## WHAT TO WORK ON
What is needed is a word-for-word copy of the lines below from the one with "No more juggling" through the one with "El Promedio Industrial", both included, with every picture left out.

## INFORMATION SUPPLIED

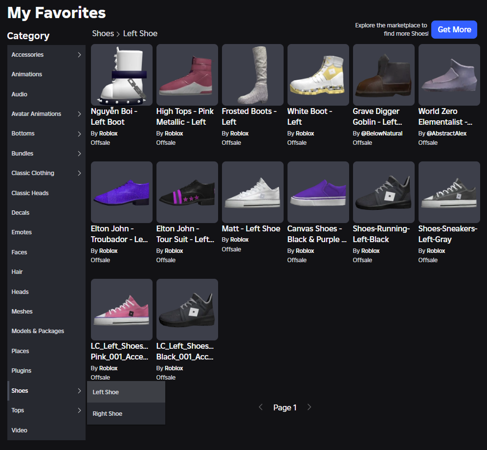 Since UGC creators were allowed access to create shoe bundles a few months back, I’ve favorited quite a few, but I hadn’t favorited the shoes themselves. Without finding them in the marketplace again I have no easy way of accessing them.
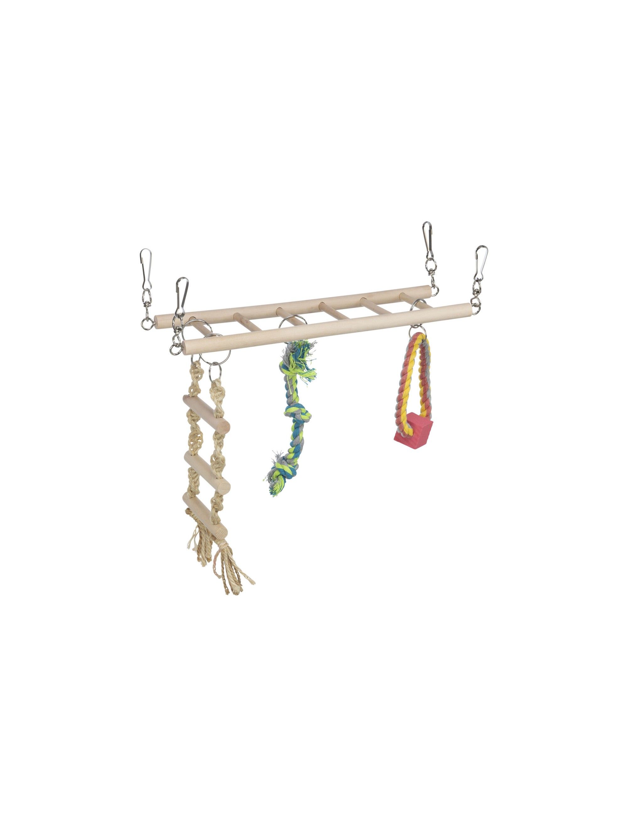 The Trixie Hanging Ladder is the dream playground for your little rodent! With its wooden ladder and rope toys , this accessory promises fun and exercise. Designed for safety and entertainment, it offers various activities , such as a cotton ring with wooden block and a rope game. Available in two sizes, it is ideal for mice, hamsters, gerbils, rats and ferrets.
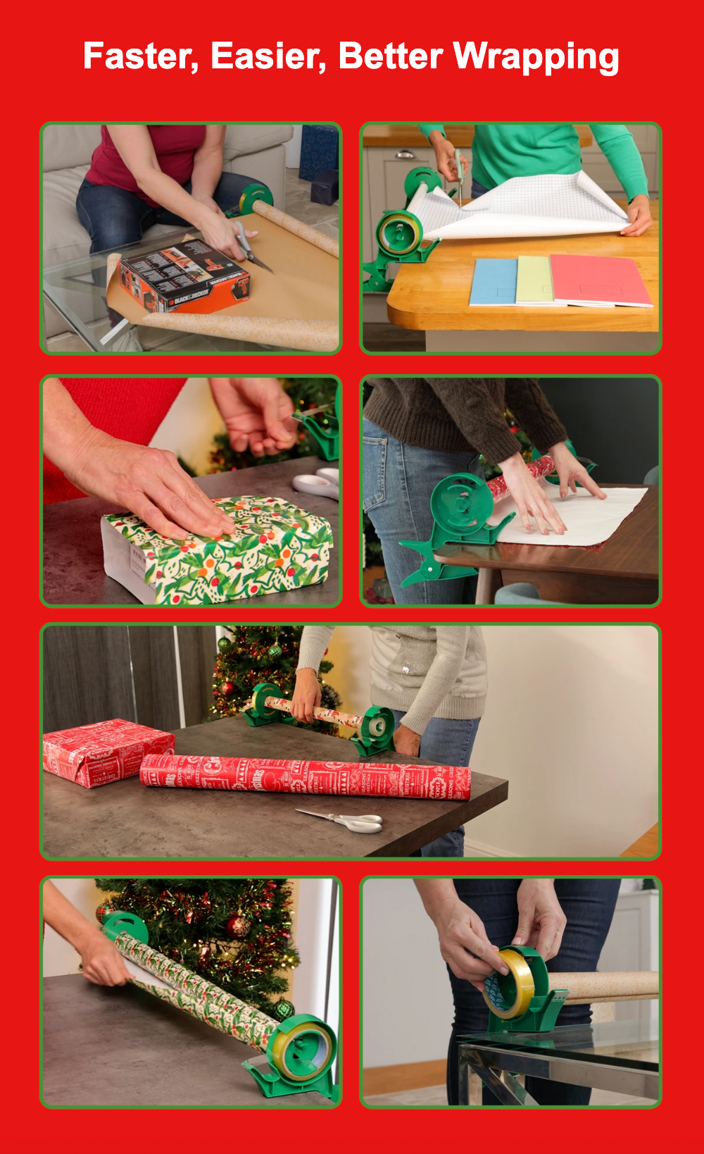 No more juggling scissors & tape and wrestling unruly wrap
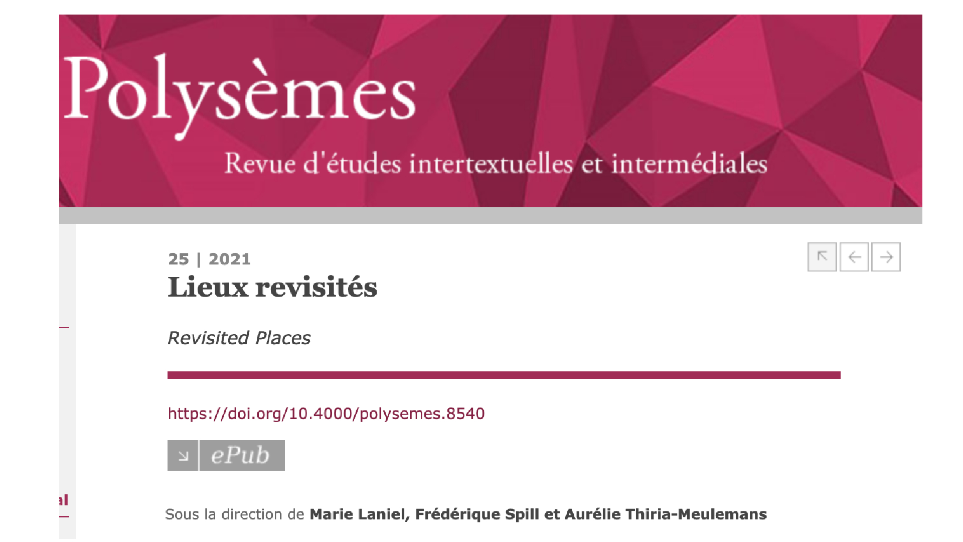 Polysèmes. Revue d'études intertextuelles et intermédiales, 25, 2021
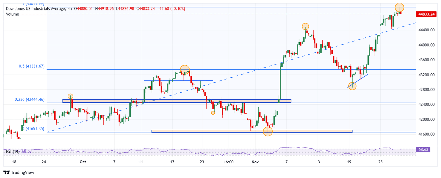 El Promedio Industrial Dow Jones cotiza en estos momentos en 44.895, subiendo un 0.14%, estableciendo un nuevo máximo histórico por tercera sesión consecutiva en 45.006.
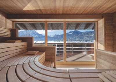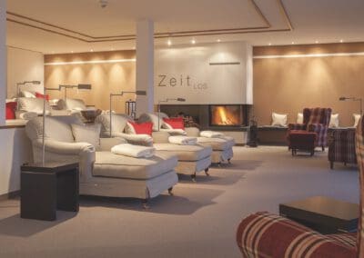 Am nächsten Tag kann man es ja wieder gut machen mit den zahlreichen angebotenen Aktivitäten wie Yoga, Qi Gong, E‑Biken, Nordic-Walking, Wandern, Skilaufen oder im schönen Indoor-Pool etliche Runden zu schwimmen. Nicht zu vergessen das gut ausgestattete Gym, in dem man sich quälen, pardon, stählen kann. Seit Kurzem verwöhnt das Hotel seine Gäste mit dem 450 m2 großen Naturteich PanoramaQUELL inmitten des 1200 m2 großen Hotel-Naturparks. Er wirkt wie ein kleiner Bergsee, der in den Sommermonaten zum Schwimmen einlädt oder nur dazu am Ufer in den komfortablen Daybeds zu relaxen.
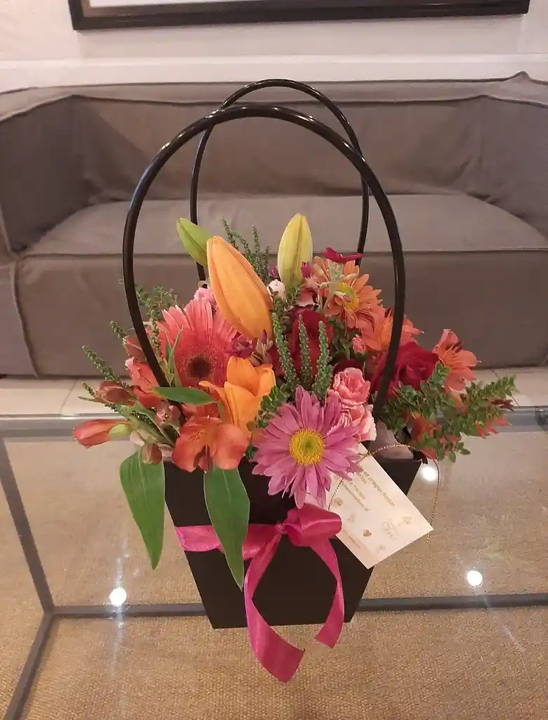 Arreglo en base de cartera negra, compuestas por surtido de flores segun stock, con toque de follaje verde.

## WRITTEN SOLUTION
 No more juggling scissors & tape and wrestling unruly wrap
 Polysèmes. Revue d'études intertextuelles et intermédiales, 25, 2021
 El Promedio Industrial Dow Jones cotiza en estos momentos en 44.895, subiendo un 0.14%, estableciendo un nuevo máximo histórico por tercera sesión consecutiva en 45.006.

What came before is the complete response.